I have a fear of commitment.
I love the freedom and spontaneity of no commitments. I thrive in being able to pick up and go as the mood strikes. Give me 20 minutes, and I’m ready to go.
If I commit to nothing, I can do anything.
That’s why I’ve never bought in to a Community Supported Agriculture (CSA) program. While I love the idea of a weekly injection of farm-fresh fruits and veggies, we spend most of the summer on the road. We camp. We take day trips. We take extended camping trips for days. Last summer, between family vacation and work-related travel, I was home for six non-consecutive days over a 30-day period.
CSA won’t really work in this house.
Enter Fredericton-based Real Food Connections. Order your veggie box weekly. And, as of last week, they deliver to Moncton. It’s a perfect way for those of us who fear long-term commitments but want to eat fresh, local food. The uncertainty of not knowing exactly what will turn up in the box totally feeds my love of surprises.
As I was savouring the idea of RFC starting delivery to Moncton, I realized I would finally be able to have some Local Valley Beef of my own to cook. Owned by CJ and Jennie MacLeod, the cattle are raised near Centreville, N.B.
CJ was mentored by an old friend of my husband’s and we all mourned when Bill died last year. CJ’s high school principal was the best man at my parent’s wedding. One of my farm writer colleagues is a former classmate of his and another farm writer colleague knows CJ from a previous job. There are probably more connections waiting to be discovered.
Farmers — and other businesses — hear all of the time about the need to make connections. You know: tell your story and let the world know more about farming.
I completely agree with the need to tell your stories. You have awesome stories to tell and customers indeed want to know where their food comes from. Luckily, tools like Twitter, Facebook, Instagram and blogs help your story-telling a bit easier to facilitate (especially after you learn how to use them effectively!).
But don’t feel like you need to stop at social media for telling your story. There are other ways to make connections; real-world moments that are just as, if not more, valuable.
Going to church, participating in your kids’ sports activities, joining the local chamber of commerce or a service group… these are ways to create a solid network of non-farming people around you.

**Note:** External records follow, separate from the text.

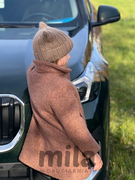 (gotowa czapka bez rozciągania ma obwód około 48 cm, wysokość po podwinięciu - około 23 cm)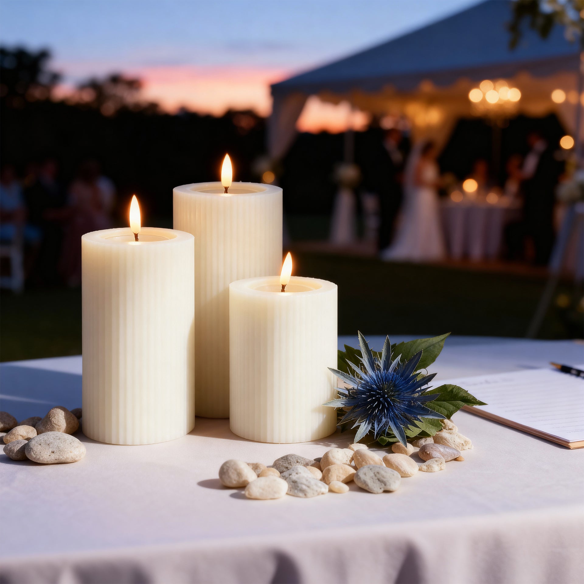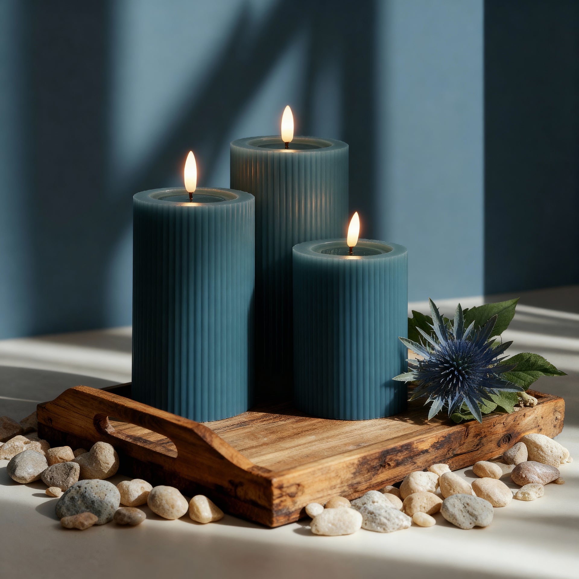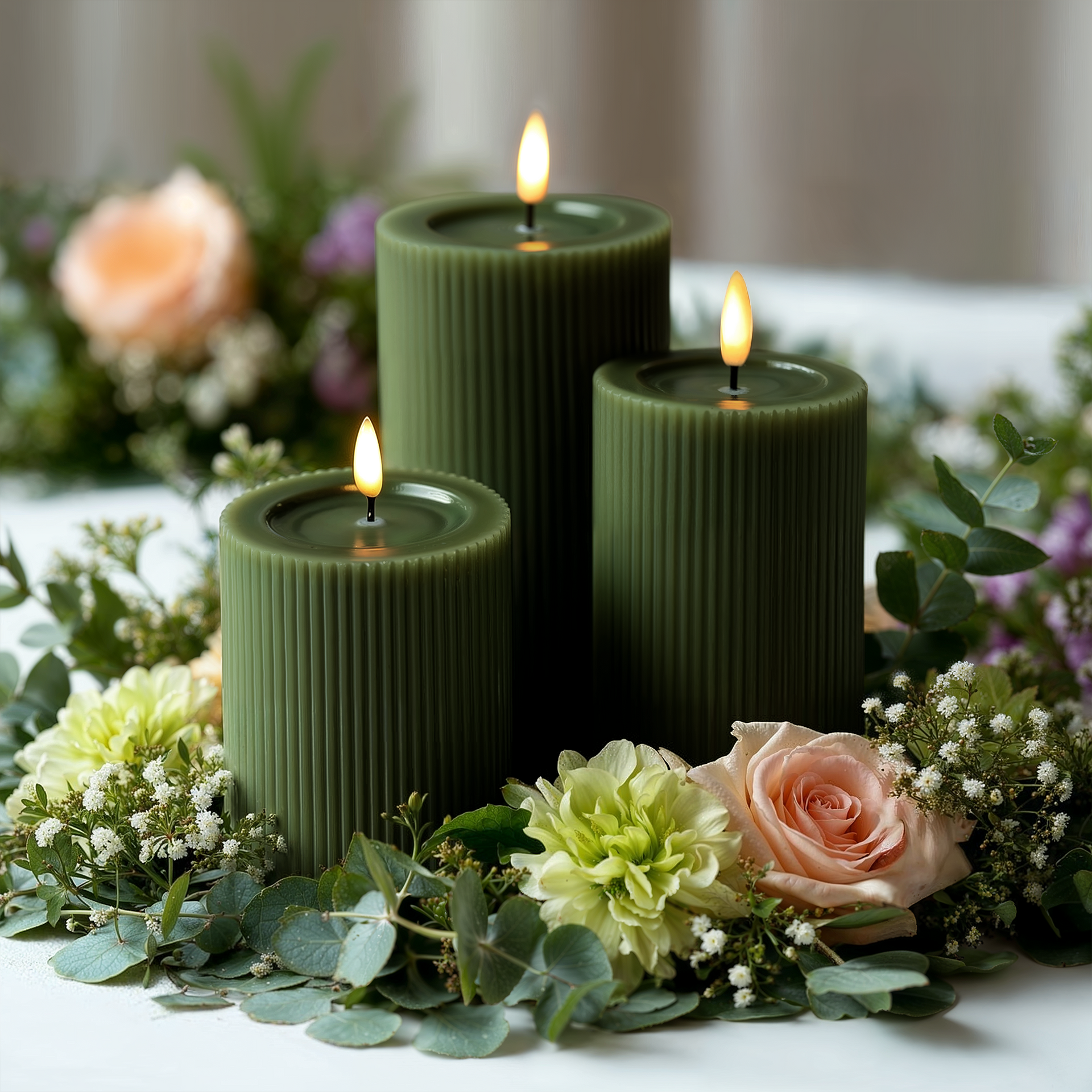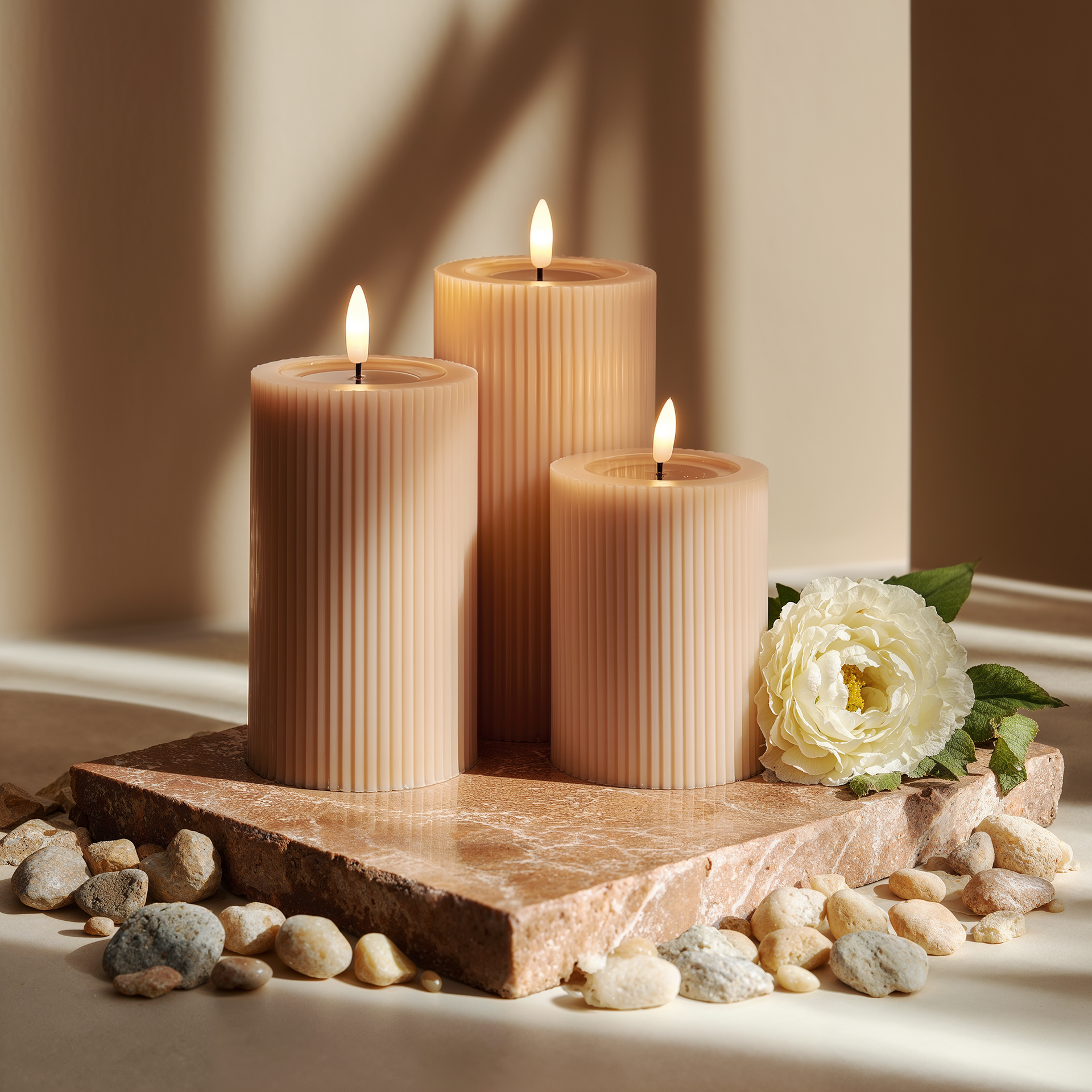 - DISTINCTIVE FLUTED DESIGN: This set of 3 grooved LED pillar candles (4”, 5”, and 6” tall, each 3” wide) features an elegant ribbed texture, evoking the charm of classic carved wax columns. These sculpted flameless candles add a touch of sophistication to any setting—without the fire risks
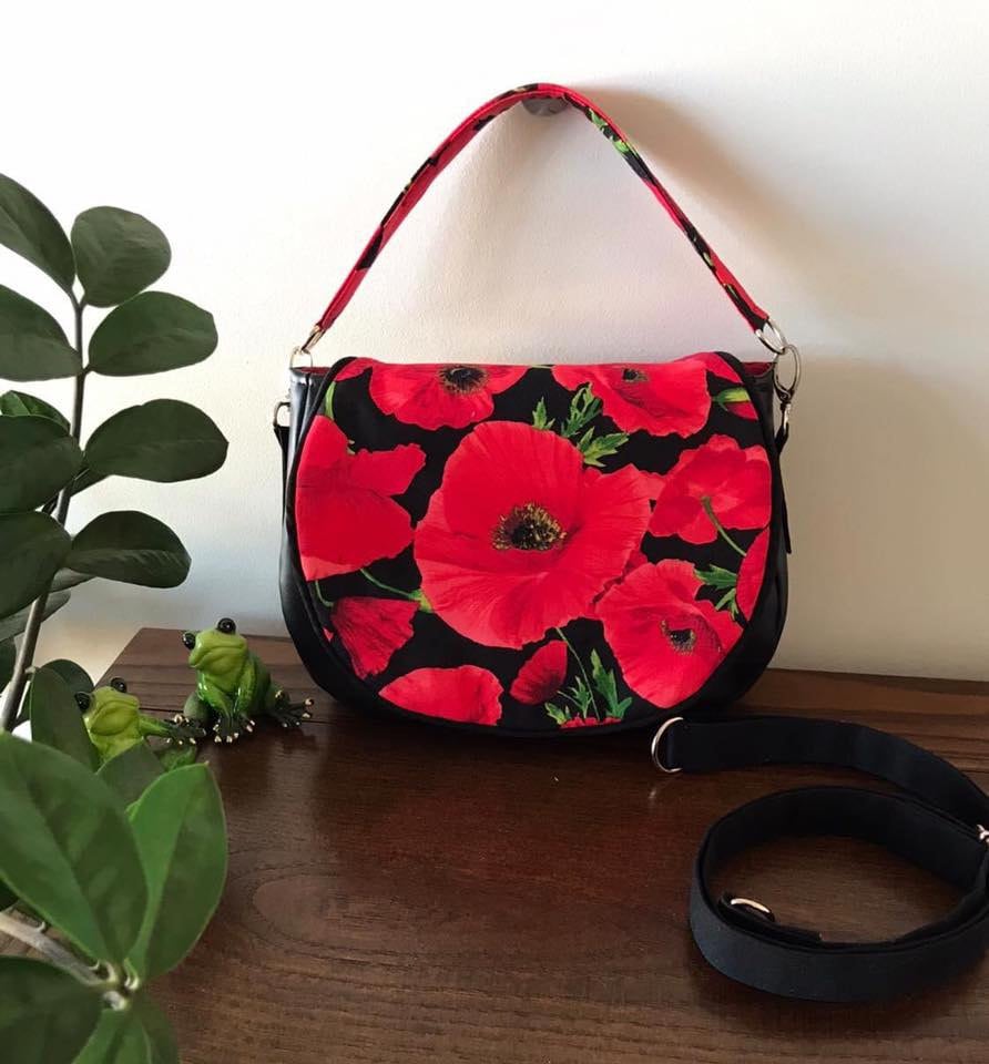 Mitzi of Sew Awesome Creations in Australia went for bold red poppies on the flap teamed up with a very thick black vinyl. "Great easy to follow step by step instructions with lots of pictures makes this a great bag pattern for confident beginners as well as seasoned bag makers".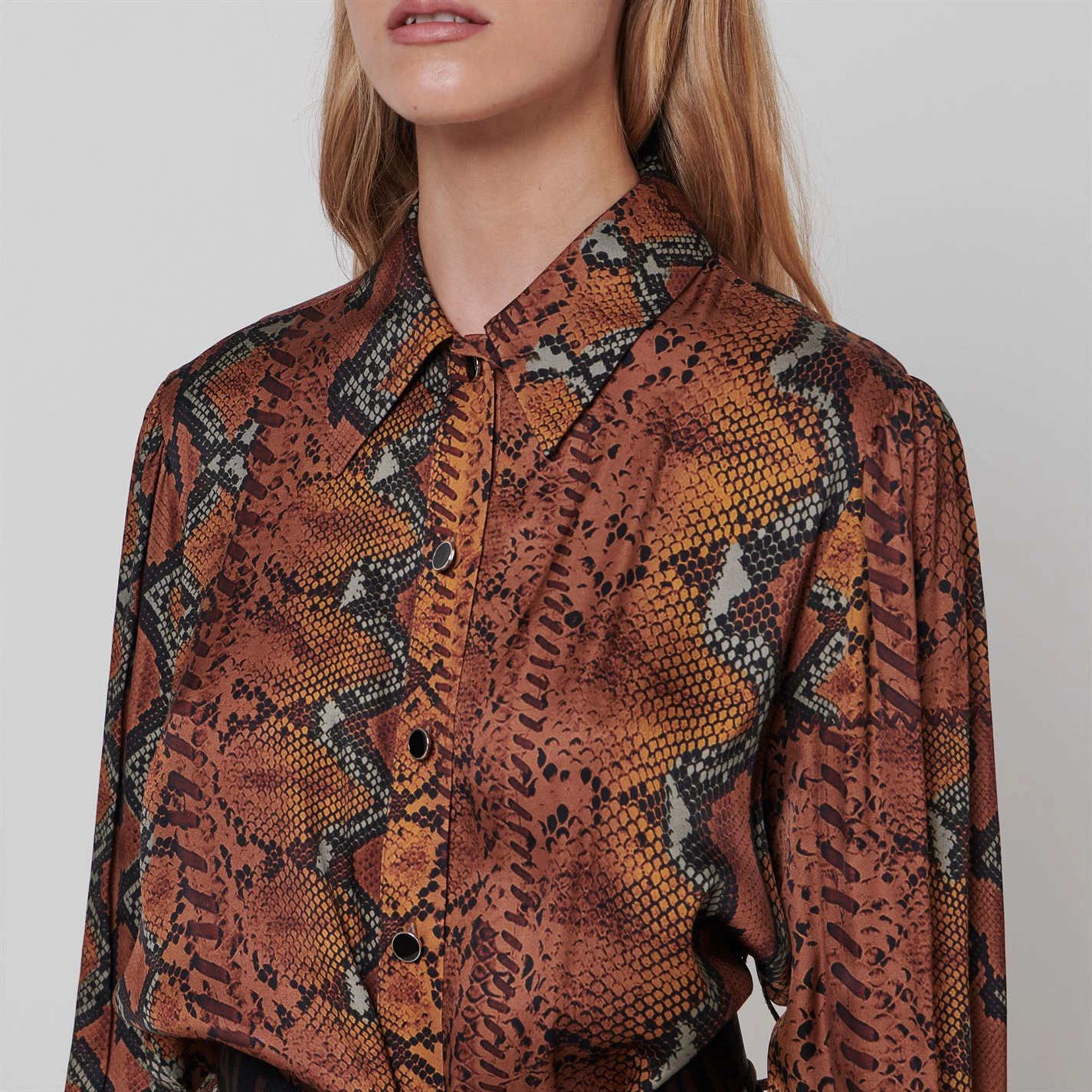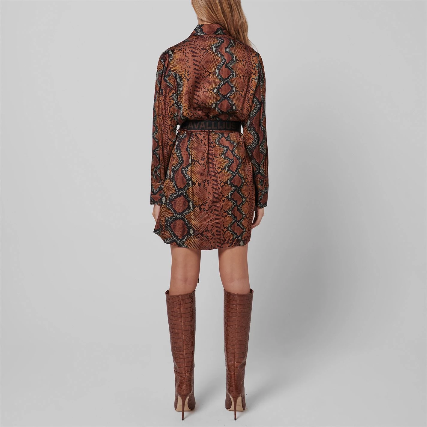 Add a bold print to your collection with the Snake Shirt Dress from Just Cavalli. Made from a smooth satin, this dress is designed with a button fastening alongside button cuffs and a pointed collar. Cut in an above the knee length, this dress is offered in a snake print and is finished with a tie belt featuring the Just Cavalli signature on one side of the belt.
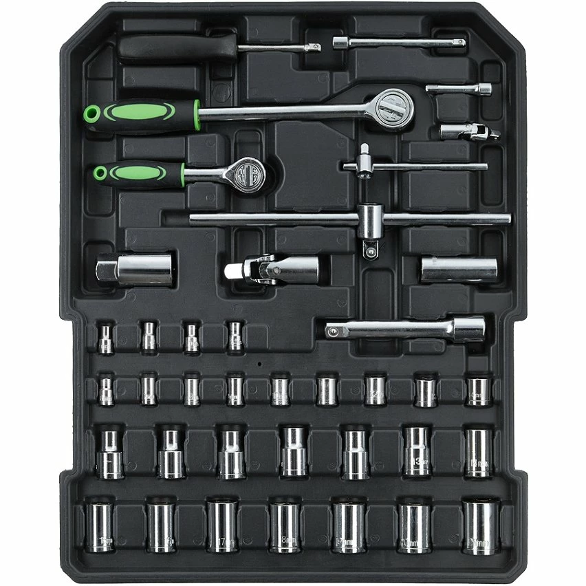 - 14 Douilles ½ pouce (21, 20, 19, 18, 17, 16, 15, 14, 13, 12, 11, 10, 9, 8 mm).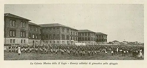 The Bolognese Colony was built between 1931 and 1932 to the design of Ildebrando Tabarroni.[26] During the Second World War, the Bolognese Colony was used to house refugee children from Albania and Libya, as a military hospital for veterans from Operation Barbarossa, a woman's internment camp, and an Allied prisoner-of-war camp. It reopened for children's summer camps after the Second World War.[40] In 2022, the Bolognese Colony was bought by an investor intending to refurbish it into a hotel.[41] The music video to La dolce vita, a pop single by Fedez, Tananai and Mara Sattei that topped the Italian charts in 2022,[42] was filmed outside the Bolognese Colony.[43]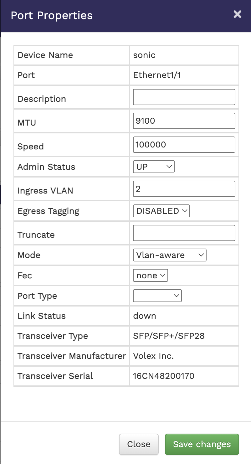 Update the properties as required. The properties you can update are - Description, MTU, Speed, Admin Status, Ingress VLAN, Egress Tagging, Truncate, Mode, Fec and Port Type. You can also see other non-changeable fields with more information about the selected port.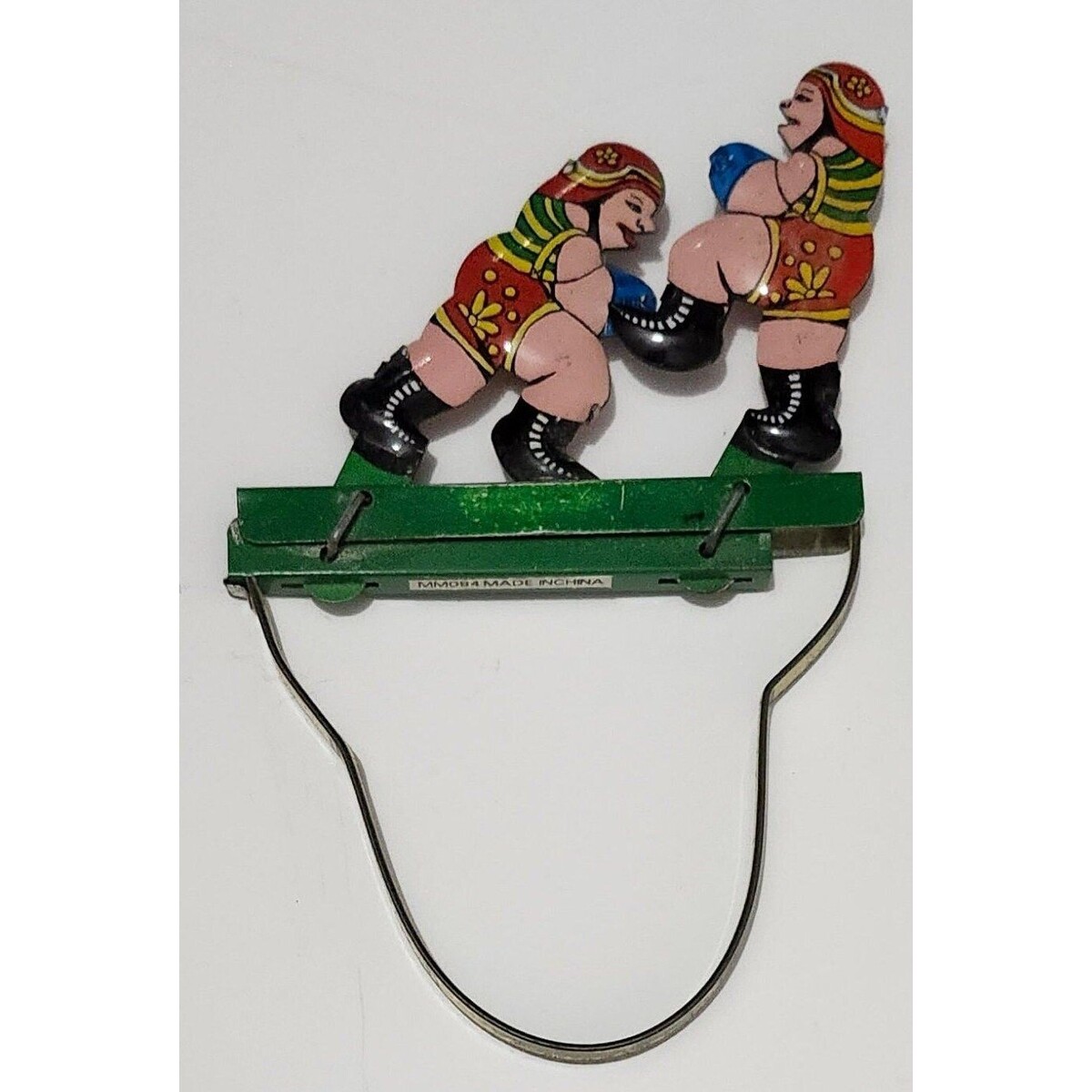 Vintage Tin Litho Sumo Wrestlers Hand Squeeze Toy 3.5" wide x 5.5" long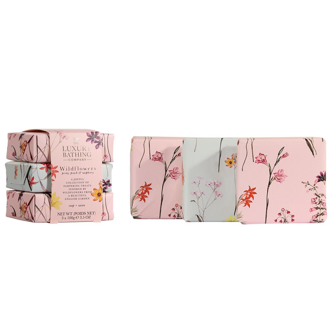 Adauga un strop de rafinament ritualului tau zilnic de ingrijire cu setul cadou Gentle Cleansing Trio – Wildflowers, Peony, Peach & Raspberry de la The Luxury Bathing Company. Aceste trei sapunuri parfumate, ambalate individual in hartie cu imprimeuri florale, iti transforma fiecare spalare a mainilor intr-un moment placut si parfumat. Inspirate de gradinile englezesti pline de flori salbatice, notele delicate de bujor, piersica si zmeura iti invaluie pielea cu un parfum proaspat si elegant. Un cadou ideal pentru orice ocazie sau pentru a-ti oferi un mic moment de rasfat. Continutul setului– 3 x Sapunuri parfumate 100 g, fiecare in ambalaj de hartie decorativa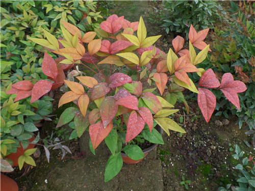 剛開始變紅的火焰南天竹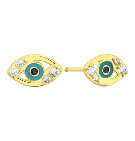 OroTrue 14K Yellow Gold Turkish eye with cz and enamel Screw Back Earrings

By telling the story of Canadian agriculture within your broader community, you draw non-farmers into your community circle. The overlapping communities create an environment of mutual support and respect.
It was a collection of serendipitous circumstances that will result in me enjoying some nice barbecues this summer while I travel. And while Community Supported Agriculture vegetable boxes aren’t something that fits with my life right now, certainly supporting my community of agriculture is.